Fall 2024 • Daniel Shiffman

Machine Learning for Creative Computing

Week 08 Depth Estimation Playground

Ever since a couple of weeks ago, when doing my first experiments with depth estimation, I've been somewhat enthralled by its graphic qualities. It feels particularly magical to be able to somewhat derive depth from a flat image, like enhancing a memory.

I wanted to be able to play with this more easily, so I built an online tool to apply it to any image uploaded or captured by the webcam:

Homescreen of a website with two buttons, each offering different ways of uploading an image.
The interface homescreen.
Visit tool online

After making the web app and sharing it with some friends, it became clear that I needed to add controls for the depth. Since the models do monocular depth estimation, they can't really tell the absolute z depths. This is apparently a very complex problem due to how different lenses portray depth. With this done, I tested it out on some images:

3D rendition of a fruit shop.
3D Fruit shop in Rome.
Photo of a fruit shop.
Source image of the fruit shop.
3D rendition of a bust wearing a face mask.
3D bust with face mask.
Photo of a bust with a face mask.
Source image of the bust.
3D rendition of a street in Gwangju, Korea.
3D street in Gwangju, Korea. Source was a 360 photo!

These explorations opened up some interesting creative possibilities. I want to keep exploring 360 images, as well as images of locations, which seem to look the most realistic.

Furthermore, I want to extend the tool so that I may add multiple 3D images to a same "canvas" and create a composition by moving them around and setting different depths. This way I can prototype how it could work to stitch them together.
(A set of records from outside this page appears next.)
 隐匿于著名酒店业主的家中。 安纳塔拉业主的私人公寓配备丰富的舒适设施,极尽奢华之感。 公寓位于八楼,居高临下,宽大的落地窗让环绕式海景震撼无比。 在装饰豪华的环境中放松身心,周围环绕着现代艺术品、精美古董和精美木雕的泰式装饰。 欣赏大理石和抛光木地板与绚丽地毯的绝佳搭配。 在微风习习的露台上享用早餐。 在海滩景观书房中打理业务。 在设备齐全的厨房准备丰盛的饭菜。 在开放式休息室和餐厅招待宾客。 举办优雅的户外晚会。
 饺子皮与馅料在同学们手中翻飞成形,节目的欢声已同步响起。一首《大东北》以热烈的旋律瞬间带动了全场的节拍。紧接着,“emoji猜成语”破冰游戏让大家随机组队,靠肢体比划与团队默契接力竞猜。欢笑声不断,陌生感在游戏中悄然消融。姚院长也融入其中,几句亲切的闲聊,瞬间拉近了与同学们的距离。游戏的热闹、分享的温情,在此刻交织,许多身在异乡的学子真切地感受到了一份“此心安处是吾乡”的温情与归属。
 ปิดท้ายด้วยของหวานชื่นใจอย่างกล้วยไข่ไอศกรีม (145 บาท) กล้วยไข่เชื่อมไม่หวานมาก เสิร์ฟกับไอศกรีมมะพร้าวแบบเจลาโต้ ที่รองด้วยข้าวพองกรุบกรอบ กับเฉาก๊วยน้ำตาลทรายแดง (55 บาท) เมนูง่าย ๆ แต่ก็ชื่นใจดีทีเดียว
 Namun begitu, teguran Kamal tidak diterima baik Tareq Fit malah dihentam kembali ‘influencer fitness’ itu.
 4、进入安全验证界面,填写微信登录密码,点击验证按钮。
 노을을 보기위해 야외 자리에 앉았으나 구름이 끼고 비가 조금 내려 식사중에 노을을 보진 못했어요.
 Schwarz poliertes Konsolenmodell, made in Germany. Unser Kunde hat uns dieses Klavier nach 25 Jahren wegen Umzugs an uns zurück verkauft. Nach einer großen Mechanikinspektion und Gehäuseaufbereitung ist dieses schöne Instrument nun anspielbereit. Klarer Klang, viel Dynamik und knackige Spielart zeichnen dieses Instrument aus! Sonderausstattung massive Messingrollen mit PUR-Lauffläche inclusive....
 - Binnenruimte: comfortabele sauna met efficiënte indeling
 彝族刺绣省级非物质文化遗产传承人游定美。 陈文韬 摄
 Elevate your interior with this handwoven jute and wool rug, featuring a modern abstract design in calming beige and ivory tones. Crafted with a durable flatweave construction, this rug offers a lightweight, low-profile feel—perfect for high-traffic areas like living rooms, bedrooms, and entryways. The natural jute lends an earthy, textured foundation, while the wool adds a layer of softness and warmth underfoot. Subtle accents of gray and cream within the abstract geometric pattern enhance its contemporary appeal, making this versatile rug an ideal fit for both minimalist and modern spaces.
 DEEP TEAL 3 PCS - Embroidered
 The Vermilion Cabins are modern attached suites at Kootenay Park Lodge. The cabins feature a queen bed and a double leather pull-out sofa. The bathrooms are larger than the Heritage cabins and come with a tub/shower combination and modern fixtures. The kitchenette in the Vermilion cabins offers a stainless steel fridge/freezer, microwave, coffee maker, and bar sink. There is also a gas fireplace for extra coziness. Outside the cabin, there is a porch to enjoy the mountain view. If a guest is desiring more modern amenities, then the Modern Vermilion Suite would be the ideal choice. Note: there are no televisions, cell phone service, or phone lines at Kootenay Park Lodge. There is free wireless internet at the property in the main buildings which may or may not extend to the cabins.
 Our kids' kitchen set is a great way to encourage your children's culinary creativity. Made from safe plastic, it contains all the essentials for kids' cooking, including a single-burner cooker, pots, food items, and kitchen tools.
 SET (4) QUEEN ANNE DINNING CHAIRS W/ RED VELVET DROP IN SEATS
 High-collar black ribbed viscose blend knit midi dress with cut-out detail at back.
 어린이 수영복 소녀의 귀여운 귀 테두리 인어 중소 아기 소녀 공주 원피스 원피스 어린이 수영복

Week 05 & 06 ML sketch: Footmark to Keypoint Estimation

To record the data to train a model based on my proposal, I built a local p5.js sketch that receives the pressure sensitive mat data through websockets, visualizes it and at the same time runs the ml5.js BlazePose model on the webcam. Specifically pointing out the lower body points in x, y and z.

Web interface with 16x16 grayscale image on the left, webcam image on the right and a red button below that reads start.
The interface during data recording.

Upon hitting record, the sketch adds the data to the ml5 neural network model object every 200ms, only if the last received mat readings through websockets and the last predicted blazepose keypoints are in time sync.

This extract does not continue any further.